È proprio questo il modo migliore per legiferare? È questo il compito che abbiamo delegato ai nostri rappresentanti in parlamento? O forse dobbiamo abituarci all’idea che i bisogni umani vengono dopo le urgenze politiche?
L’Aula del Senato ha definitivamente approvato il ddl 2801, col titolo “Norme in materia di consenso informato e di disposizioni anticipate di trattamento” (Dat). Alcune parti politiche e sociali
plaudono a quest’approvazione, considerandola un nuovo passo avanti nella crescita del nostro Paese in materia di diritti civili. Altri invece – e noi fra questi – considerano l’approvazione di questa legge, nella sua versione definitiva, “un’occasione mancata” sotto diversi aspetti. Anzitutto per l’esercizio comune del buon senso, che, se fatto prevalere, avrebbe consentito, con l’applicazione di pochi e puntuali correttivi al testo del dispositivo, di affrancare la normazione di una materia così delicata e complessa dal riduttivo e sterile furore delle ideologie. Così non è stato, purtroppo.
Poi, è un’occasione persa per la classe politica – o almeno una parte di essa – che, in questa occasione, anziché focalizzare l’attenzione sui reali bisogni delle persone gravate dalla malattia e dalla sofferenza, probabilmente, si è lasciata irretire dalle logiche avvilenti della spicciola convenienza elettorale, dando l’impressione di essere ben disponibile ad asservire la propria coscienza ai miopi interessi ed “ordini” di partito.
Una terza ragione per restare con l’amaro in bocca è la sensazione, oggi prevalente, che le energie politiche e i tempi richiesti per portare a casa questa legge hanno con ogni probabilità “prosciugato” la possibilità, almeno in questa legislatura, di potersi dedicare all’approvazione di altre normative ben più utili ed urgenti, a supporto delle persone malate e di chi se ne prende cura quotidianamente (es. legge di sostegno economico per chi assiste a casa propri cari malati).
Di questo testo di legge sulle Dat si sono offerte, nei mesi passati, ampie ed approfondite analisi, per cui riteniamo inutile oggi tentare di aggiungere qualcosa di nuovo rispetto a quanto già evidenziato in precedenza. Solo ci rimane il mesto compito di sottolineare ancora una volta le principali prospettive problematiche di questa norma, che nella sua formulazione definitiva, risulterà a nostro avviso poco utile a malati e medici, pericolosa per l’apertura di fatto a possibili interpretazioni eutanasiche, foriera di contenziosi giuridici ed assicurativi per l’ambiguità di alcune sue prescrizioni.

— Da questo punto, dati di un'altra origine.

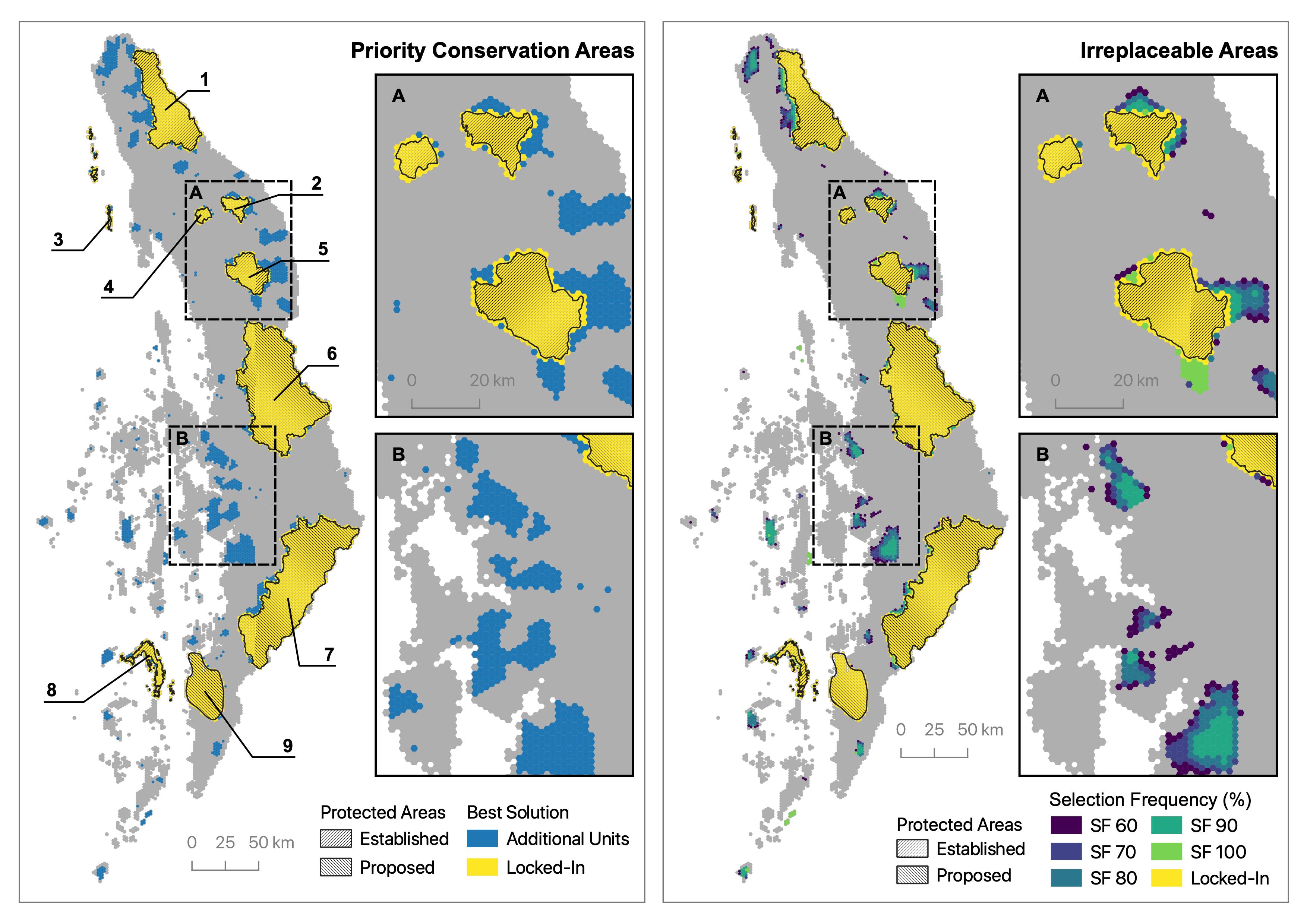 Priority conservation areas (left map panel) and irreplaceable areas (right map panel), identified using Marxan to enhance the effectiveness of the existing protected area network. Note that planning units with very high selection frequencies (90–100%) are regarded as irreplaceable areas. Map inset (A) shows identified conservation areas within and around established protected areas by the Karen National Union; map inset (B) shows identified conservation areas over mangrove forests along the coastline of Myeik District, Tanintharyi Region. Protected areas include: (1) Tanintharyi Nature Reserve, (2) Ler Nu Htee National Park, (3) Moscos Kyun Wildlife Reserve, (4) Ta Mae Klo Herbal Forest, (5) Kser Doh Wildlife Sanctuary, (6) Tanintharyi National Park (or Lem Muh Lah Conservation Area), (7) Lenya National Park (or Lenya Reserved Forest), (8) Lampi Island Marine National Park, and (9) Pakchan Nature Reserve.

Senza dunque attardarsi a ripercorrere nel dettaglio gli otto articoli che la compongono, anzitutto ribadiamo che l’impianto globale di questa legge, contrariamente a quanto affermato nel suo preambolo, finisce per minare alla base la relazione paziente-medico che, da alleanza per la vita e la salute, rischia di cambiarsi in un costante “redde rationem” (“rendi conto”) reciproco, avvelenato da sospetti e meccanismi di difesa. Il paziente preoccupato di far valere il proprio diritto all’autodeterminazione assoluta e il medico ridotto quasi ad esecutore “testamentario”, obbligato per legge (ma… al riparo da responsabilità civili o penali!) a derogare, ove richiesto, alla propria coscienza umana e professionale. Altro che medicina “in scienza e coscienza”!
L’altro grande vulnus globale di questa norma riguarda la sua mancanza di vincolo (e persino di solo riferimento) alla effettiva condizione clinica attuale del paziente, così che la formazione ed espressione delle sue volontà di cura risultano di fatto indipendenti dal tempo (“ora per dopo”), dalla corretta informazione, dalle condizioni psicologiche del dichiarante, dalla gravità della malattia e dal grado di proporzionalità clinica delle cure offerte.
Tutto ciò condito da una buona dose di sofismi, per cui sembra siano le mere parole a costituire la realtà. La prova? È bastato nel testo di legge definire nutrizione e idratazione artificiali come “trattamenti sanitari” per renderle automaticamente interrompibili e rifiutabili, ancora una volta senza esigere che una loro valutazione sia compiuta nella concretezza del caso clinico in cui vengono impiegate. Insomma, un gran pastrocchio che, con la sua applicazione, presumibilmente finirà per scontentare molti, forse la maggior parte!
È proprio questo il modo migliore per legiferare? È questo il compito che abbiamo delegato ai nostri rappresentanti in parlamento? O forse dobbiamo abituarci all’idea che i bisogni umani vengono dopo le urgenze politiche?